Here is the scenario: We have two data centers in a production cluster: one PROD and the other DR.
We create keyspaces that replicate to both data centers. No issues there. Here's the thought/question:
If we want to put/create a Prod-like environment (PL - which is a replica of production) that utilizes the existing servers - BUT - not affect production, my thought is create a new keyspace, but only specifying the DR datacenter in the CREATE KEYSPACE command. We want to be sure that data is not propagated from the DR datacenter to the PROD data center thus affecting its storage and performance. I believe this will do what I think, which means that the data will stay only on the DR datacenter thus leaving production alone. Anyone see any issues with this?
Essentially this:
CREATE KEYSPACE PL_KS WITH replication =
{'class': 'NetworkTopologyStrategy', 'DR': '2'} AND durable_writes = true;
When PL transactions/queries execute against the PL keyspace, the drivers should be smart enough as well to not connect them to the production nodes, correct? So in essence, all PL activities should be against the DR datacenter nodes.

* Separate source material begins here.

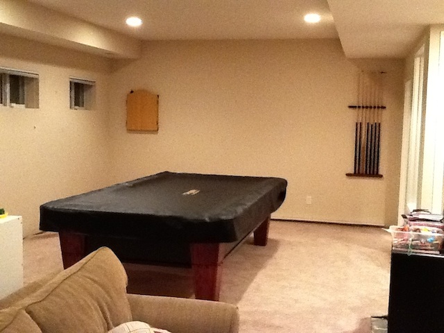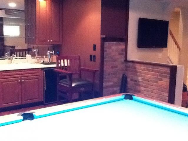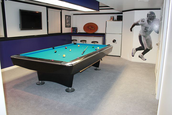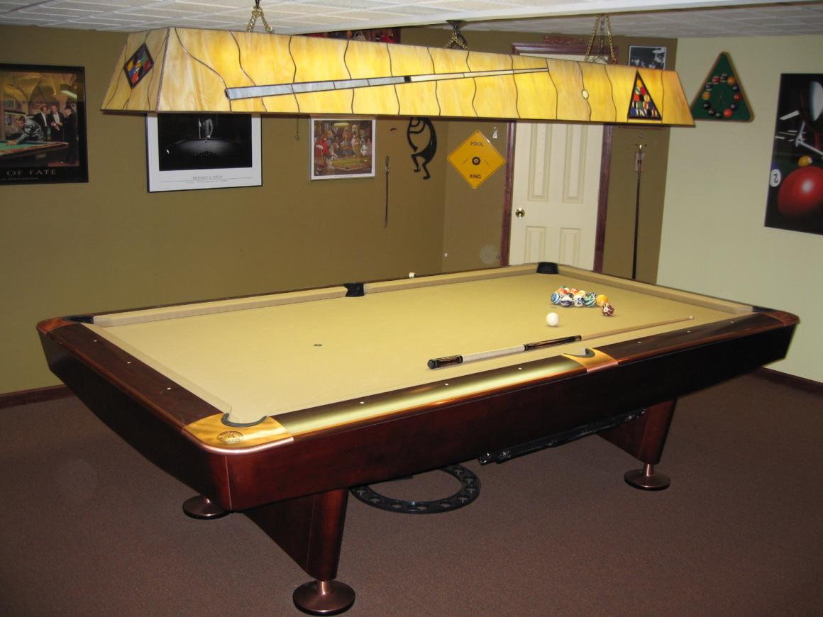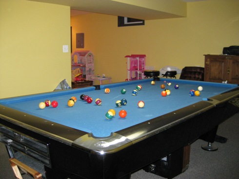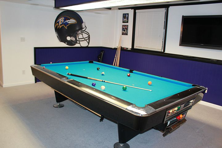John (Scruffy 1) of Classic Billiards Service set my table up a few months ago with blue simonis and diamond 3/16 shims but I am finally am getting around to finishing up the basement. My basement was totally unfinished when I started. It was nothing but a concrete floor, insulated walls and a support pole right where the side pocket is now located. Here area few photos now that everything is 90 percent done.

Your assumptions are correct. With only specifying replication to the DR
data center with the PL_KS
keyspace, only the nodes in the DR
data center will be used.
The only exception to this, would be if the endpoints defined in your app code are in your PROD
data center. Then the app would use the PROD
data center nodes for initial discovery only, and all forthcoming operations would be run against the DR
nodes.